Nasr devised another exit strategy. At the end of 1995 or the start of 1996 he bought tickets for the family to fly to Cairo via Munich. He was told that to change planes in Germany, they would need German visas, so, as he later told the story (with possible embellishment), he bribed an officer to let them through the emigration checkpoint. He had also been told that Glina was too far pregnant to be allowed on a commercial flight, so he had her dress in thick, baggy clothes to disguise her state. Nobody stopped her as they boarded. Later, when the flight began its descent to Munich, Glina pretended to go into labor, on Nasr’s instructions. She must have been convincing, because when they landed an emergency crew was waiting at the jetway. A German officer came aboard and said Glina would be taken to a hospital but since Nasr and his daughter had no entry papers, they would have to stay on the plane. When Nasr refused to be separated from his wife, the airline crew begged him not to make a scene. They were in enough trouble, they said, for transporting a woman in so advanced a pregnancy. He ignored them and demanded asylum. Under German law, he was permitted to remain in the country while the government evaluated his claim, so the whole family was taken to the hospital, where doctors discovered that Glina was only seven months pregnant and not in labor. They were sent to a refugee center outside Munich to await the outcome of their plea.
While they waited, Glina gave birth to a boy, whom they named Omar. In history, Omar was a seventh-century caliph who evicted Christians and Jews from Arabia and reserved Mecca and Medina for Muslims ever after. The production of a male heir earned Nasr the honorific Abu Omar, Father of Omar. Technically speaking, he was also Abu Sara, but that title would not have been considered a decoration; Glina, on Sara’s birth, had become Umm Sara, Mother of Sara. Some months later Germany denied their request and they appealed. By the time the denial was finally affirmed, they had spent nearly a year and a half in the refugee center. What Abu Omar, forbidden to work, did with himself while Glina attended to home and children remains a matter of speculation.
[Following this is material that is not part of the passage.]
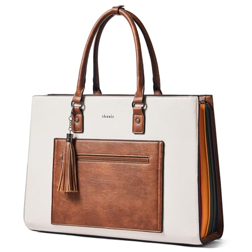 Shrrie Sac à dos pour ordinateur portable 16 pouces femme, sac fourre tout en cuir imperméable, Sac à main pour femme, porte-documents, sac de travail, Beige avec Marron

Confinement, however, was not good for their marriage. They quarreled often, and after one tremendous fight, they divorced in the fashion permitted by some schools of Islam—the husband solemnly declaring himself through with his wife, whereupon God recognizes their partition. For reasons unknown, they did not also dissolve their civil marriage in Albania. When their final plea was denied, Glina returned to Tirana with the children, but Abu Omar’s future lay elsewhere. He would, he determined, slip into Italy.